Balloon rhizotomy

I am trying to decide if I should have the balloon rhizotomy. Is there any post surgical pain or phantom pain after surgery?the shocks I am experiencing now are not persistent. One is constant, never stops.that one is not shock like . Just pain…anyone have advice for me…to help me decide if I should undergo the
procedure?

David, I can't tell you whether or not you should undergo the surgery (or any other). I can share the observation that in the published papers I've read over several years, balloon compression Rhizotomy seems to be somewhat less reliable and less persistent in alleviating chronic neurological face pain than RF Rhizotomy. When rhizotomy is not successful, there can be persistent and elevated levels of break through pain. "Phantom" pain is sometimes an alternate term for what might be called more accurately "deafferentiation" pain, when the central nervous system loses track of its peripheral sensing elements and starts signalling frantically to find them again. That can be a very difficult form of pain to treat or manage.

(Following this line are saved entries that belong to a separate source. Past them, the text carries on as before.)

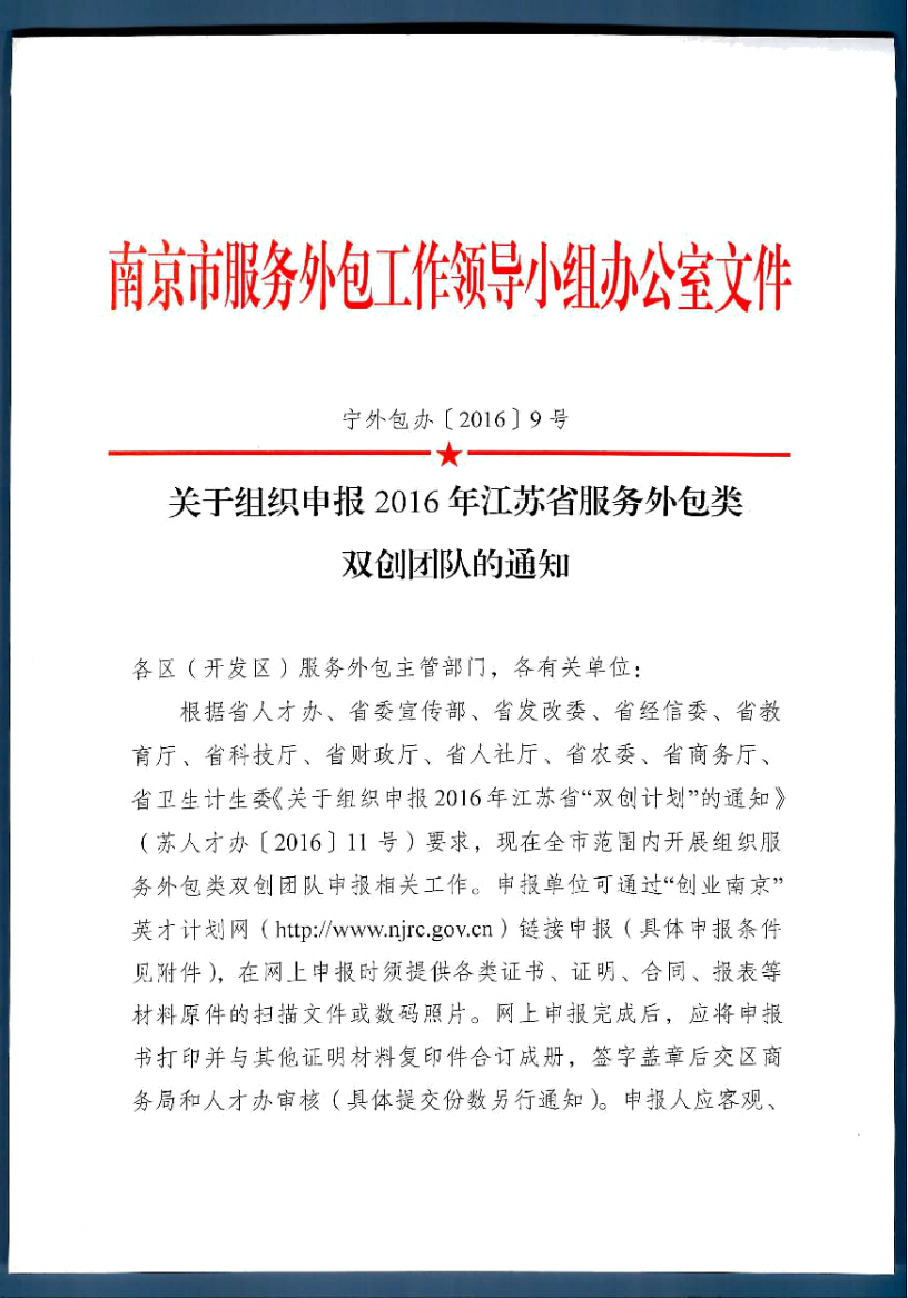 關(guān)于組織申報2016年江蘇省服務(wù)外包類雙創(chuàng)團(tuán)隊(duì)的通知
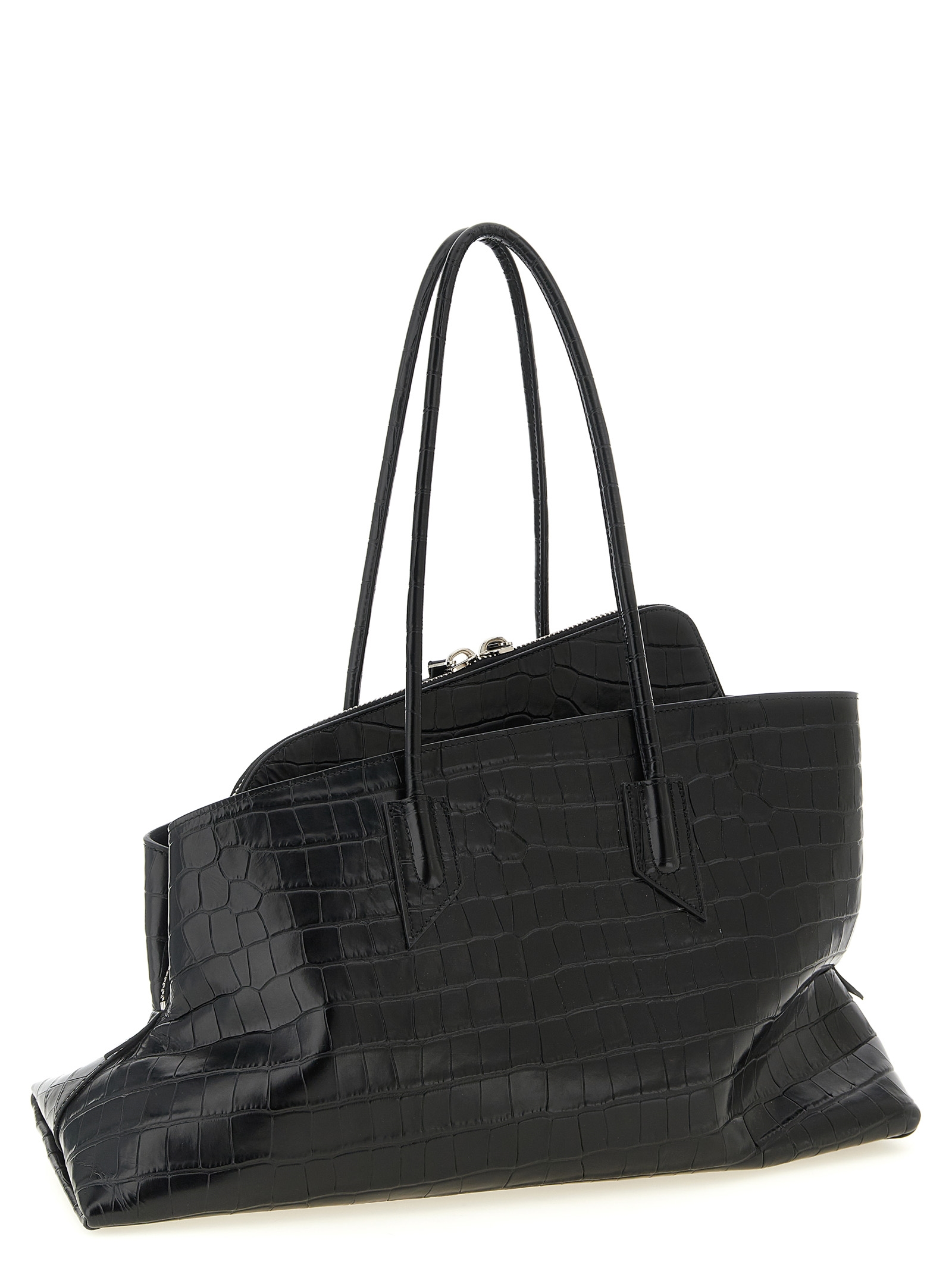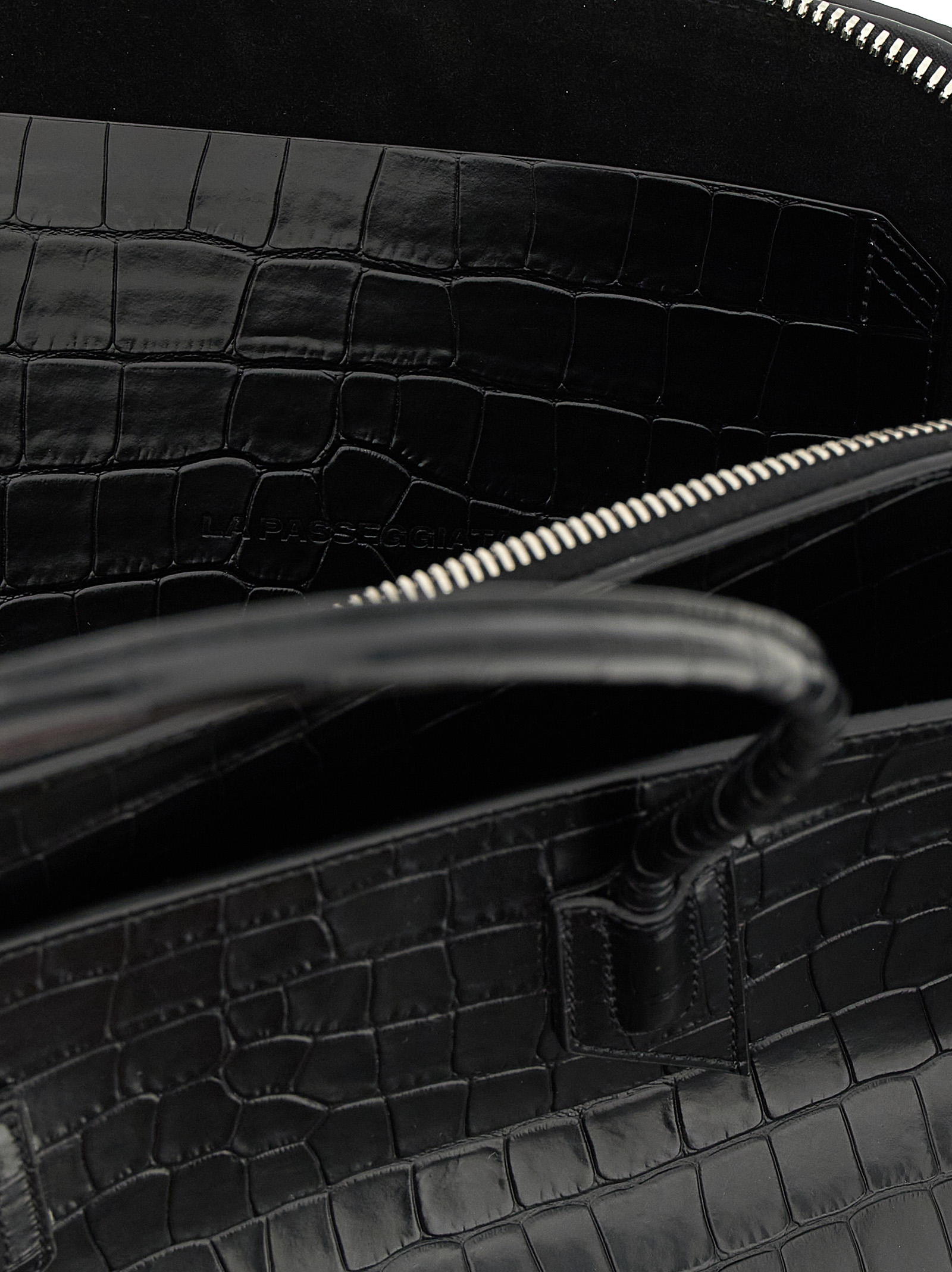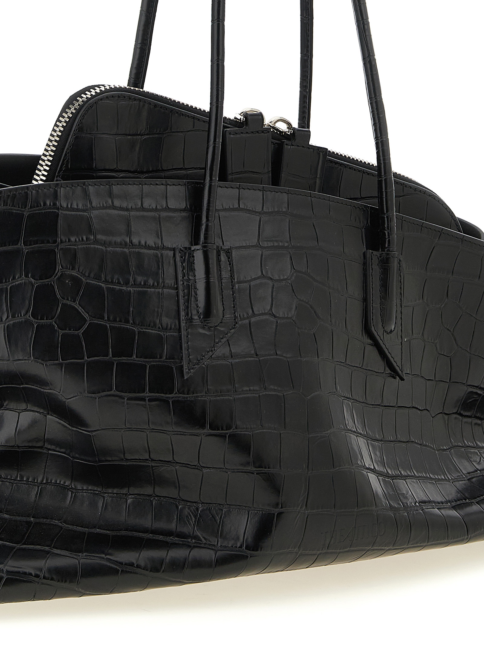 ‘La Passeggiata’ medium shoulder bag in crocodile-print leather, double fixed handle, top zip closure, side pockets, rigid base with metal logo feet.
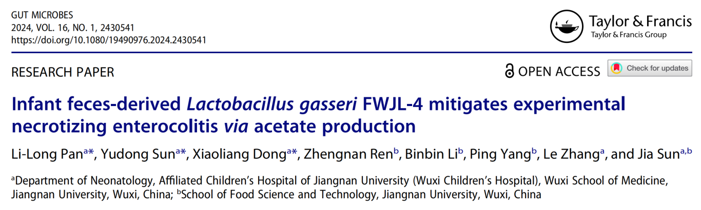 近日,无锡市儿童医院(污污漫画 附属儿童医院)以第一作者单位在肠胃疾病领域TOP期刊Cut microbes(中科院一区Top, IF=12.2)在线发表题为“Infant frces-derived Lactobacillus gasseri FWJL-4 mitigates experimental necrotizing enterociltis via acetate production的原创研究论文。
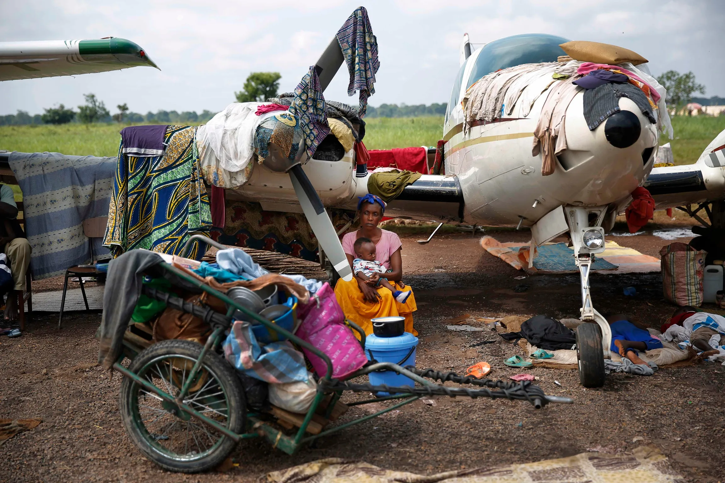Christians gather in a makeshift camp for internally displaced people set in the airport in Bangui, Central African Republic, Friday December 13, 2013. Over 30,000 have gathered there, prompting the UN to start food distribution a kilometer away. Elsewhere in town, French troops backed by an helicopter traded fire with unidentified assailants as France's Defense Minister Jean-Yves Le Drian arrived in Bangui. More than 500 people have been killed over the past eight days in sectarian fighting in Central African Republic. (Photo by Jerome Delay/AP Photo)
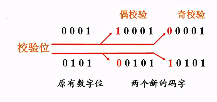 原理是在k位數(shù)據(jù)碼之外增加1位校驗位,使得K+1位碼字中取值1的位數(shù)總保持為偶數(shù)(偶效驗)或奇數(shù)(寄校驗),舉一個例子:
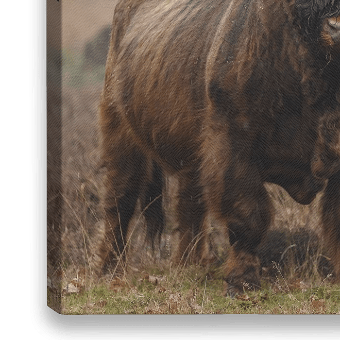 Ein schottischer Highlander-Stier steht auf dem Veluwezoom in einem Regen, der sanft auf sein behaartes Fell fällt. Hart im Nehmen steht dieser große Junge in der Landschaft.
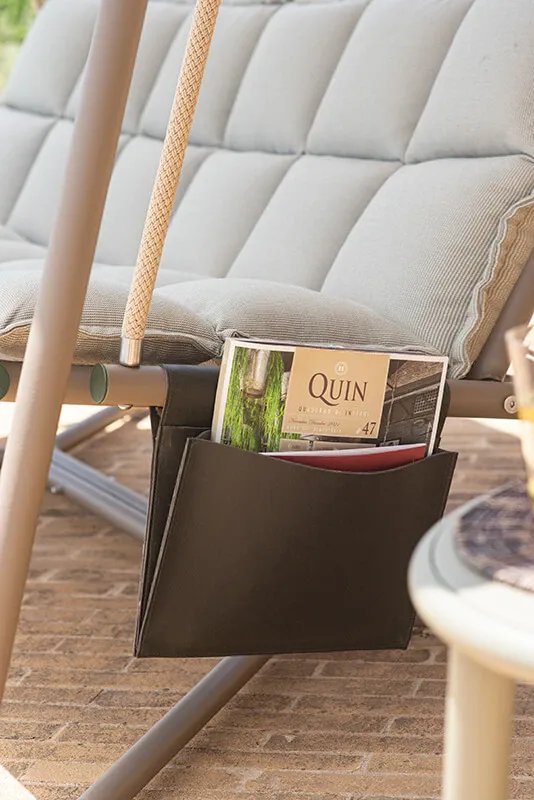 Possibilità di aggiungere come accessorio borsa porta oggetti in eco cuoio e piano in teak - richiedi preventivo

The decision to have rhizotomy is generally grounded on two factors: are medications no longer effective (and has a full spectrum of trials in medication been conducted with careful observation) and (2) are you considered not to be a candidate for MVD for some reason? No procedure is as effective for the constant underlying pain of atypical TN, relative to effects on typical lightning-shock TN. And stereotactic radiosurgery (Gamma Knife, Cyber Knife) is less persistent, with at least half of all successful patients relapsing within three years. GK and CK appear to be falling out of favor in facial neuralgias during the past few years.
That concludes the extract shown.